TypeError: expected string or bytes-like object, got 'dict'

In [None]:
def get_relevant_documents(query: str):
  """
  Retrieves relevant documents from the vectorstore for a given query.

  Args:
    query: The search query.

  Returns:
    A list of relevant documents.
  """
  return vectorstore.similarity_search(query)

In [None]:

from langchain_core.runnables import RunnablePassthrough
from langchain_core.output_parsers import StrOutputParser
from langchain.chains.combine_documents import create_stuff_documents_chain
from langchain.chains import create_retrieval_chain
from langchain_core.prompts import ChatPromptTemplate
from langchain.chat_models import init_chat_model

model = init_chat_model("gemini-2.0-flash", model_provider="google_genai")

def get_response_from_query(query: str):
    """
    Retrieves relevant documents and generates a response for a given query
    using newer LangChain patterns.

    Args:
      query: The search query.

    Returns:
      The generated response from the relevant documents.
    """
    # Define a template for the prompt
    template = """Answer the following question based only on the provided context:
    {context}

    Question: {input}
    """
    prompt = ChatPromptTemplate.from_template(template)

    # Create a stuff document chain
    # This chain combines documents into a single prompt and passes it to the model
    document_chain = create_stuff_documents_chain(model, prompt)

    # Create a retriever from your vectorstore
    # This retriever will fetch the most relevant documents based on the query
    retriever = vectorstore.as_retriever()

    # Create a retrieval chain
    # This chain first retrieves documents using the retriever,
    # then passes them to the document_chain to generate the response
    retrieval_chain = create_retrieval_chain(retriever, document_chain)

    # Invoke the retrieval chain with the query
    # Use .invoke() instead of .run()
    response = retrieval_chain.invoke({"input": query})

    # The response from the retrieval_chain.invoke will be a dictionary.
    # The generated answer is typically in the 'answer' key.
    return response['answer']

In [None]:
get_response_from_query("What is the purpose of life according to the Bhagavad Gita?")

'According to the Bhagavad-gita, the purpose of life is to deliver mankind from the nescience of material existence. It is also to revive our sanatana occupation, or sanatana-dharma, which is the eternal occupation of the living entity, which is the rendering of service to the Supreme Personality of Godhead.'

In [None]:
get_response_from_query("What is real religion")

'According to the provided text, the real principle of religious faith is situated in the mode of pure goodness, and the essence of all religion is to surrender unto Krishna'

In [None]:
print(get_response_from_query("How to control my lust?"))

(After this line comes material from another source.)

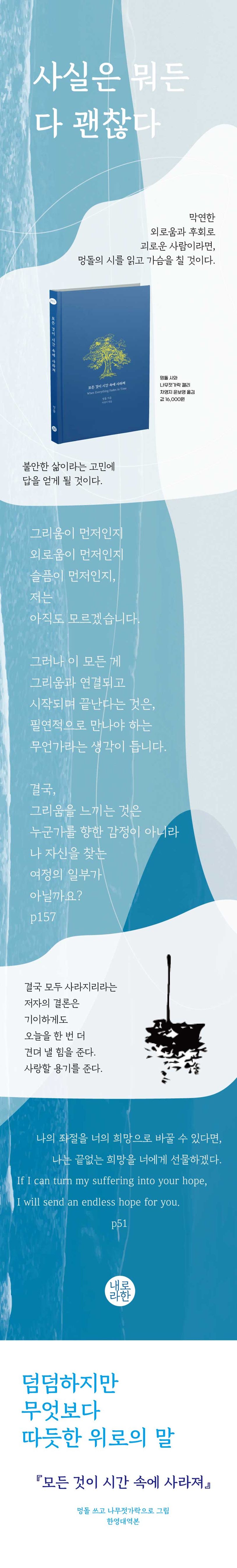 〈〈모든 것이 시간 속에 사라져〉〉는 멍돌의 시 중에서도 깊은 위로를 전하고 잊을 수 있도록 삶의 지혜를 더하는 작품을 골라서 영어로 번역하여 엮은 것이다. 원문과 번역본을 나란히 볼 수 있도록 담아냈다. 부디 멍돌 시인의 노래가 훨훨 날아가 더 많은 이들에게 닿길 바란다.

Based on the provided text, here are some ways to control lust:

*   **Regulate the senses from the very beginning** and curb lust, the greatest sinful enemy.
*   **Learn Krishna consciousness from the very beginning of life.**
*   **Transform lust into love for the Supreme** or transform it into Krishna consciousness by desiring everything for Krishna.
*   **Steady the mind by deliberate spiritual intelligence (Krishna consciousness)** and conquer lust by spiritual strength.
*   **Elevate the mode of passion to the mode of goodness** by the prescribed method of living and acting.
*   **Develop Krishna consciousness gradually** to be situated in a transcendental position without being influenced by the material senses and the mind.


In [None]:
query = input("Enter your query: ")
print(get_response_from_query(query))

According to the provided text:

*   Everything that takes place is due to the combination of kshetra and kshetra-jna, the body and the spirit soul. This combination of material nature and the living entity is made possible by the Supreme God Himself.
*   The Supreme Personality of Godhead provides the seed, and living entities seem to come out as products of material nature.
*   Every living entity, according to his past activities, has a different body, created by this material nature, so that the entity can enjoy or suffer according to his past deeds.